The similarity between the node and community is used to measure the degree of the connection between nodes and adjacent communities. Where $ \left| {T_{{\left( {v_{i} } \right)}} \cap C_{j} } \right| $ represents the number of common nodes, $ \left| {T_{{\left( {v_{i} } \right)}} \; \cup \;C_{j} } \right| $ denotes the number of all neighbors between node $ v_{i} $ and community $ C_{j} $.

Definition 4: Node Importance.

$$ {\text{important}}\left( {v_{i} } \right) = argmax\,\left\{ {S\left( {v_{i} ,C_{j} } \right)\updelta\left( {v_{i} ,C_{j} } \right)} \right\} $$

(4)

Where $ \updelta\left( {v_{i} ,C_{j} } \right) $ is the Kronecker function, if $ v_{i} $ is identical to $ C_{j} $, $ \updelta\left( {v_{i} ,C_{j} } \right) $ equals to 1, otherwise equals to 0. When the node importance is bigger, the influence to others is larger. The label of node spreads more easily.

In the process of updating labels, the Jaccard similarity of adjacent nodes is firstly calculated according to formula (2). Based on the similarity descending sort, node labels are updated in order and the randomness is avoided. After several iterations, the node is updated when there are multiple adjacent label collections. The similarity between adjacent label collection is calculated according to formula (3). It represents the tightness of the association between label nodes and adjacent label sets. A higher tightness indicates that the node label is more important for the adjacent label sets. The probability is greater to be the label of the node updated. The most important label set is selected to update the node label by the formula (4) to avoid the “reverse flow” phenomenon in the process of label propagation. The formula of node label updated is as follows:

$$ {\text{LabelNew}}\left( {v_{i} } \right) = { \arg }\,\mathop {\hbox{max} }\limits_{l} \left\{ {important\left( {v_{i} } \right)} \right\} $$

(5)

Where $ l $ is the adjacent label collection of the node.

Algorithm Description.

The steps of the algorithm for community detection are as follows:

Input: Complex network $ {\text{G}} = \left( {{\text{V}},{\text{E}}} \right) $, set the maximum number of iterations $ t = maxIter $. Node $ v_{i} $ has n neighbors. $ {\text{L}}v_{i\left( t \right)} $ is the label of node $ v_{i} $ after the $ t^{th} $ iteration.

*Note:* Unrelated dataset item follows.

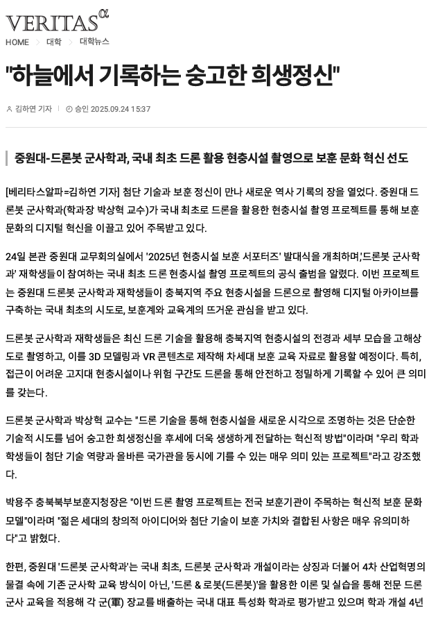 #1. 언론보도_하늘에서 기록하는 숭고한 희생 헌신

Output: $ {\text{SetC}} = \left\{ {C_{1} ,C_{2} , \ldots ,C_{k} } \right\} $, where k represents the number of communities.

1.
The label of each node $ {\text{v}}\,{ \in }\,{\text{V}} $ is initialized. Each node is assigned a unique label. The iteration time is initialized, $ {\text{t}} = 1 $.
2.
The similarity between the label nodes is calculated by formula (2). According to the similarity from high to low sort, an ordered list $ V^{{\prime }} = \left\{ {v_{1} ,v_{2} , \ldots ,v_{n} } \right\} $ is generated.
3.
According to the ordered list $ V^{{\prime }} $, the label of node is updated. According to formula (3), the node is updated to the most important label.
4.
If iteration $ t = maxIter $ and $ {\text{L}}v_{i\left( t \right)} $ no longer changes, the nodes with the same label are grouped into same community. If $ {\text{t}} = {\text{t}} + 1 $, return to step 3.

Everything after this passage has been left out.